- **THE PROBLEM**: Could you restate word for word every line from the one containing "Colloque international Organisé" to the end of the data below, pictures excluded?

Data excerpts
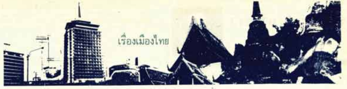
ขอเชิญชาวต่างประเทศศึกษา น.ร. ทุกท่านร่วมเขียนบทความสั้น ๆ เกี่ยวกับเมืองไทย โดยมีจุดมุ่งหมายส่งเสริมความรู้อันดีของเมืองไทย ทั้งชีวิตประจำวัน ชาติ ศาสนา วัฒนธรรม ประวัติศาสตร์ ภูมิศาสตร์ ฯลฯ ตลอดจนวิถีชีวิตอันดี ที่เป็นอันควรเชื่อถือได้

แนวทางที่พึงปรารถนา ทุกสังคมจะกำหนดค่านิยมและบรรทัดฐานของสังคมไว้เพื่อเป็นแนวทางให้สมาชิกปฏิบัติตาม เป้าหมายที่สำคัญยิ่งของการตั้งค่านิยมของสังคมนี้ เพื่อที่จะให้ความสัมพันธ์ของคนเป็นไปอย่างมั่นคงและมีระเบียบแบบแผนการที่สังคมมอบให้สมาชิกเคารพคอกฎหมายบ้านเมือง ประกอบสัมมาอาชีพในทางสุจริต และสามัคคีร่วมกันภายในชาติ ก็เพื่อให้สังคมอยู่ได้อย่างสงบ แต่ละคนก็จะมิบทบาทในทางสนับสนุนเกื้อกูลให้ค่านิยมนี้คงอยู่ หากเมื่อใดสมาชิกบางคนมีพฤติกรรมผิดค่านิยมนี้ ก็จะได้รับโทษ เช่น ว่ากล่าวตักเตือน ไม่ให้ความเคารพนับถือหรือจำคุกก็ยังมี แล้วแต่ความรุนแรงของการกระทำ
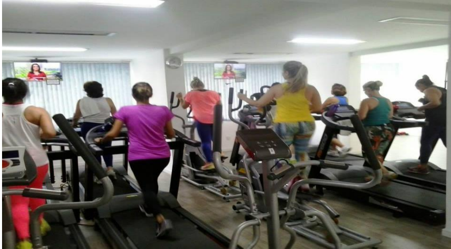
Figura 6 - Sala de Cardio.

À esquerda, localizam-se os banheiros, bem amplos, conferindo mais conforto às alunas, mas mantendo o mesmo padrão com sanitários, chuveiros e armários individuais. Ao sair do banheiro, ao lado se vê a novidade da academia, a sala de spinning . Essa sala também é fechada com vidros, possibilitando a visão das bicicletas estacionárias e toda sua estrutura.
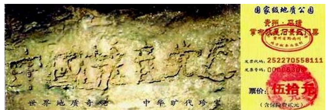
图为藏字石风景区门票：“中国共产党亡”清晰可见

贵州平塘的那块天然“亡共石”，为什么早不发现迟不发现，偏偏在 2002 年发现？这就是在告诉世人：中共灭亡，就在近期！
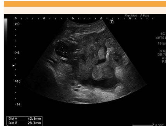
Figura 4. Ecografía de control el séptimo día después del drenaje percutáneo. Se observa un hematoma de menor tamaño que al ingreso hospitalario (42 x 28 mm). La imagen muestra las asas intestinales distendidas adyacentes.

día se efectuó el último control ecográfico de forma ambulatoria y después de comprobar la desaparición de la colección se retiró el drenaje.
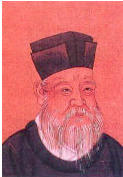
Zhu Xi (1130-1200)

Colloque international Organisé par l'Institut d'Asie orientale, l'Université Diderot Paris 7 et l'Association Recherche et Enseignement de Chinois (AREC)
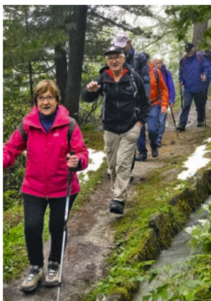
Entlang der Suone Bodmerwasser (Länge 2.7 km)

Ab Visp fuhren wir mit dem Bus das Tal hoch. Aus den Regentropfen wurden plötzlich grosse Schneeflocken, und so erreichten wir unser Hotel auf schneebedeckten Strassen. Der vorgesehene Ausflug auf die Bergstation Furggstalden mit anschließender Wanderung nach Saas-Almagell fiel buchstäblich in den Schnee. Alternativ besuchten wir die Kapelle Zermeiggen, in welcher der Opfer der Katastrophe von 1965 gedacht wird: Am 30.08.1965 stürzten riesige Massen Eis vom Allalingletscher auf das Arbeiter-Barackendorf etwas unterhalb der heutigen Staumauer. 88 Menschen kamen dabei ums Leben.
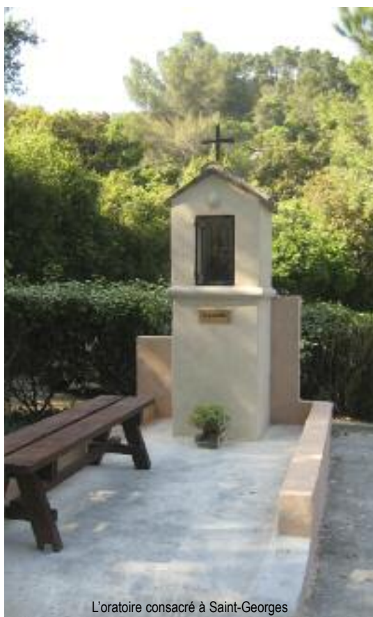
L'oratoire consacré à Saint-Georges
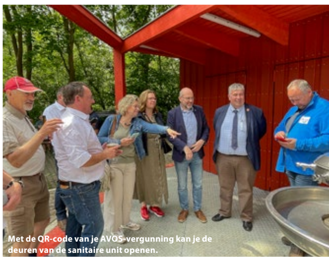
Met de QR-code van je AVOS-vergunning kan je de deuren van de sanitaire unit openen.
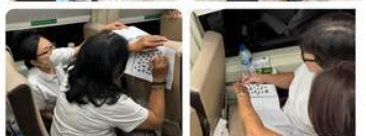
Berbagai Games & TTS memeriahkan suasana

- **EXERCISE SOLUTION**:
Colloque international Organisé par l'Institut d'Asie orientale, l'Université Diderot Paris 7 et l'Association Recherche et Enseignement de Chinois (AREC)
Entlang der Suone Bodmerwasser (Länge 2.7 km)

Ab Visp fuhren wir mit dem Bus das Tal hoch. Aus den Regentropfen wurden plötzlich grosse Schneeflocken, und so erreichten wir unser Hotel auf schneebedeckten Strassen. Der vorgesehene Ausflug auf die Bergstation Furggstalden mit anschließender Wanderung nach Saas-Almagell fiel buchstäblich in den Schnee. Alternativ besuchten wir die Kapelle Zermeiggen, in welcher der Opfer der Katastrophe von 1965 gedacht wird: Am 30.08.1965 stürzten riesige Massen Eis vom Allalingletscher auf das Arbeiter-Barackendorf etwas unterhalb der heutigen Staumauer. 88 Menschen kamen dabei ums Leben.
L'oratoire consacré à Saint-Georges
Met de QR-code van je AVOS-vergunning kan je de deuren van de sanitaire unit openen.
Berbagai Games & TTS memeriahkan suasana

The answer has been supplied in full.